> [Required action]: Once the images are set aside, print the remaining lines below exactly.

> [Supplied data]:
**********
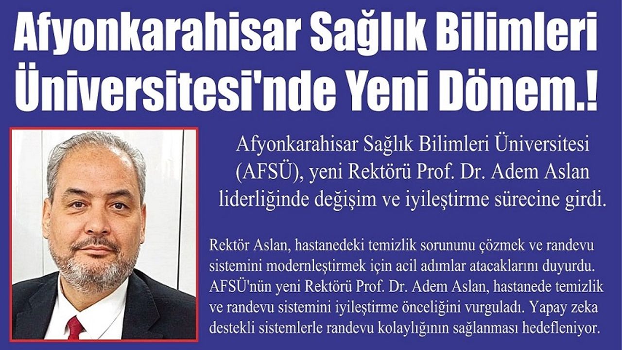 Afyonkarahisar Sağlık Bilimleri Üniversitesi (AFSÜ), yeni Rektörü Prof. Dr. Adem Aslan liderliğinde değişim ve iyileştirme sürecine girdi. Rektör Aslan, hastanedeki temizlik sorununu çözmek ve randevu sistemini modernleştirmek için acil adımlar atacaklarını duyurdu.
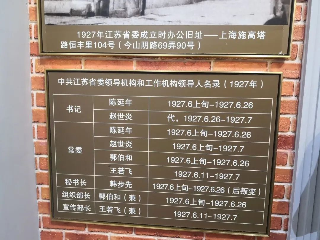 2021年,党的百年华诞,中国共产党在江苏历史展在南京举办,展出了江苏省委在不同历史时期主要办公旧址。1927年的上海施高塔路恒丰里104号,1937年12月至1938年秋的上海巨籁达路同福里,1938年秋至1939年4月的上海蒲石路,1942年8月至1943年初的顾家圩子。
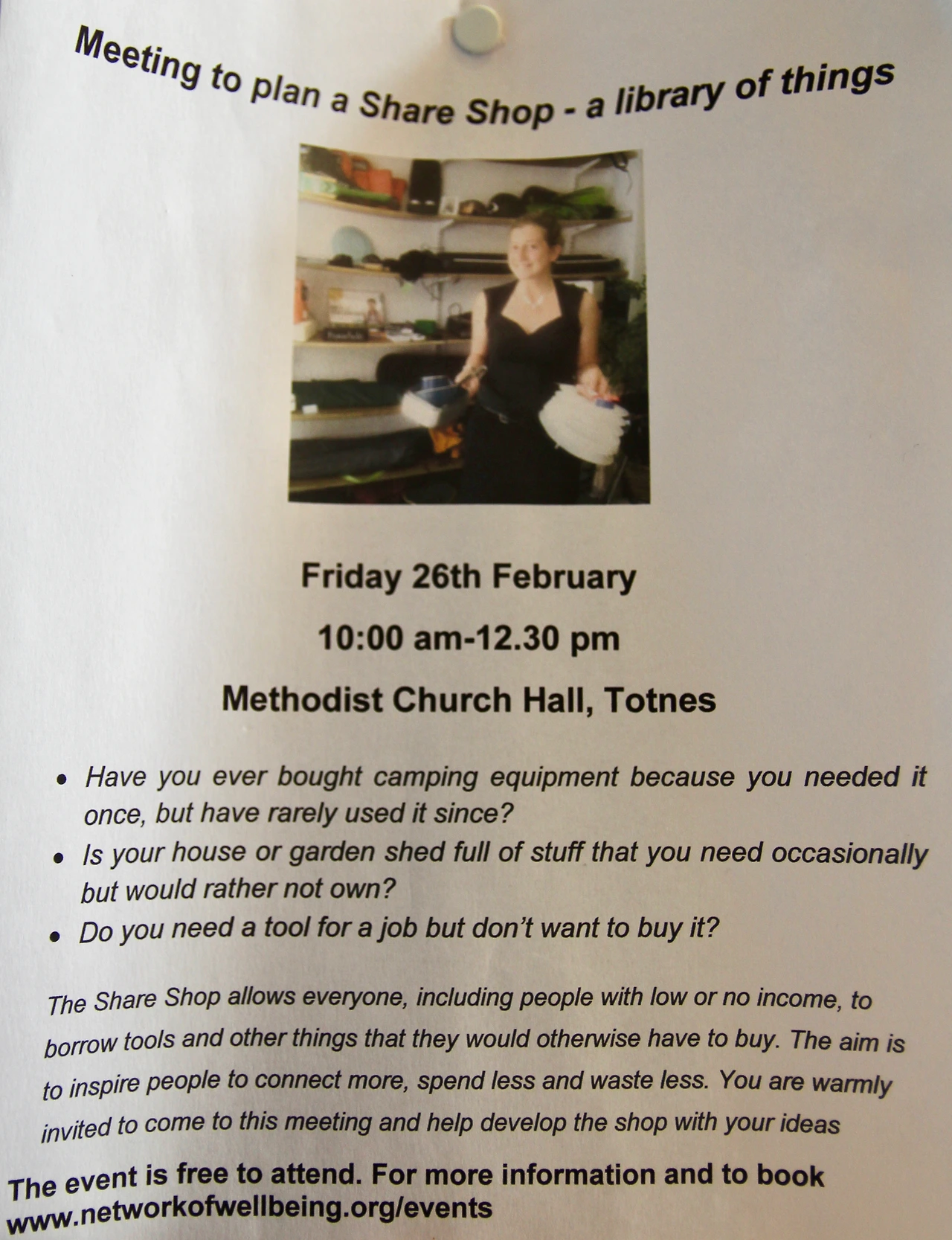 다음날 아침, 푸른 초원이 내다보이는 창가 앞 침대에서 새소리에 눈을 떴다. 다시 토트네스 시내 주변을 아침 산책 나온 듯 느릿하게 거닐다가, 도서관 앞에 세워진 게시판에서 눈길을 끄는 공지문을 보았다. 마을에서 공유창고를 만들어가는 계획을 세우기 위한 미팅에 참여해달라는 홍보 전단이었다. 이러한 문구들이 적혀 있었다.
**********
> [Problem solution]:
 Afyonkarahisar Sağlık Bilimleri Üniversitesi (AFSÜ), yeni Rektörü Prof. Dr. Adem Aslan liderliğinde değişim ve iyileştirme sürecine girdi. Rektör Aslan, hastanedeki temizlik sorununu çözmek ve randevu sistemini modernleştirmek için acil adımlar atacaklarını duyurdu.
 2021年,党的百年华诞,中国共产党在江苏历史展在南京举办,展出了江苏省委在不同历史时期主要办公旧址。1927年的上海施高塔路恒丰里104号,1937年12月至1938年秋的上海巨籁达路同福里,1938年秋至1939年4月的上海蒲石路,1942年8月至1943年初的顾家圩子。
 다음날 아침, 푸른 초원이 내다보이는 창가 앞 침대에서 새소리에 눈을 떴다. 다시 토트네스 시내 주변을 아침 산책 나온 듯 느릿하게 거닐다가, 도서관 앞에 세워진 게시판에서 눈길을 끄는 공지문을 보았다. 마을에서 공유창고를 만들어가는 계획을 세우기 위한 미팅에 참여해달라는 홍보 전단이었다. 이러한 문구들이 적혀 있었다.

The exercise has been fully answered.